I think they use some sort of a triangle inequality of the form, $\|x-y\| + \|y\| \geq \|x\|$ and $x^TAx\leq\lambda_{max}x^Tx$. But I couldn't see it and I doubt that C-S is needed anyway. Let's do the dirty work, take the LHS to the right and denote that expression with $(\star)$, then: $$\begin{align} (\star) &\geq -x^TAx +y^T(A+e A^2)y+(x-y)^T\left(\frac{1}{e}I + A \right)(x-y) \\ &=y^T(A+e A^2)y+(x-y)^T\frac{1}{e}I(x-y) + y^TAy - 2x^TAy\\ &=y^TA(I+e A)y+y^TAy + \frac{1}{e}y^Ty-2\frac{1}{e}x^Ty+\frac{1}{e}x^Tx-2x^TAy\\ &=y^TA(I+e A)y + y^T(\frac{1}{e}I+A)y -2x^T(\frac{1}{e}I+A)y + \frac{1}{e}x^Tx\\ &= \frac{1}{e}y^T(I+e A)^2y -2\frac{1}{e}x^T(I+eA)y + \frac{1}{e}x^Tx\\ &=\frac{1}{e}\|x-(I+eA)y\|^2\\ &\geq 0 \end{align} $$

To be honest, this type of math snobbery makes me sick. Maybe there is a direct argument using C-S inequality. Then it would be shorter than this so why not including it in the document.

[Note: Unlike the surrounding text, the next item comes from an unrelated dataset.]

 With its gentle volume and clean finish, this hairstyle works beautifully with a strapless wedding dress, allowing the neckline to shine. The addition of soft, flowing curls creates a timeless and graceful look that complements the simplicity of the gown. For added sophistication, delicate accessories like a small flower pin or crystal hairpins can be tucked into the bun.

But anyway, hope it helps.

EDIT: by the way the norm definition is given on page 17.


I only post this answer since you asked how to prove this using the Cauchy–Schwarz inequality. Here's the best argument I could come up with (and there's not much difference to percusse's argument, of course).

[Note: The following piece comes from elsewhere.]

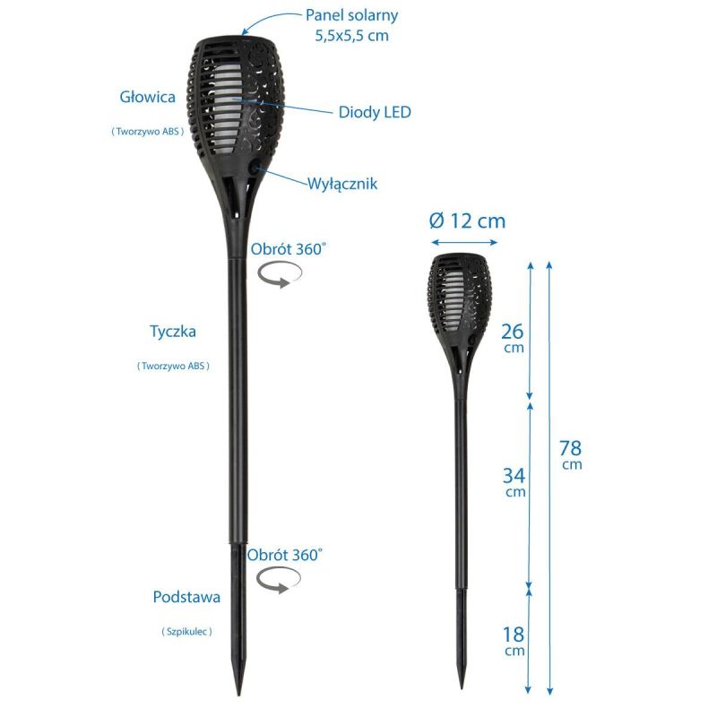 SOLAR TORCH DANCING FLAMES 12X12X78CM 36 LED is a practical and inexpensive light source that is perfect for outdoor use.

Write $B = \varepsilon A$ and multiply the inequality by $\varepsilon \gt 0$ to get $\DeclareMathOperator{\eps}{\varepsilon}$ $$\langle Bx,x \rangle \leq \langle (B+B^2)\xi,\xi \rangle + (1 + \|B\|)\, \|x - \xi\|^2.$$

Now estimate using the symmetry condition $\langle Sy,z\rangle = \langle y, Sz\rangle = \langle Sz,y\rangle$ several times $$\begin{align*} \langle Bx, x\rangle &\leq \langle Bx, x\rangle + \|(1+B)\xi - x\|^2 \\ %&= %\langle Bx, x\rangle+ %\|(1+B)\xi\|^2-2\langle(1+B)\xi,x\rangle +\|x\|^2\\ &= \color{green}{\langle Bx, x\rangle}+ \color{red}{\langle (1+B)\xi,\xi\rangle}+ \color{blue}{\langle(1+B)\xi,B\xi\rangle}- \color{red}{2\langle(1+B)\xi,x\rangle}+\color{green}{\langle x,x\rangle} \\ &=\color{blue}{\langle(B+B^2)\xi,\xi\rangle}+ \color{red}{\langle(1+B)\xi,\xi-x\rangle}- \color{red}{\langle(1+B)\xi,x\rangle}+ \color{green}{\langle(1+B)x,x\rangle} \\ &=\langle(B+B^2)\xi,\xi\rangle+ \langle(1+B)(\xi-x),\xi\rangle -\langle(1+B)(\xi-x),x\rangle \\ &=\langle(B+B^2)\xi,\xi\rangle + \langle (1+B)(\xi-x),\xi-x\rangle. \end{align*}$$ Now we are in position to apply the Cauchy–Schwarz inequality: $$\langle(1+B)(\xi-x),\xi-x\rangle \leq \|(1+B)(\xi-x)\|\,\|\xi-x\|.$$ Using $\|(1+B)(\xi-x)\| \leq \|1+B\|\,\|\xi-x\| \leq (1+\|B\|)\|\xi-x\|$ by definition of the operator norm, we get $$\langle Bx,x\rangle \leq \langle(B+B^2)\xi,\xi\rangle + (1+\|B\|)\,\|\xi-x\|^2,$$ as desired.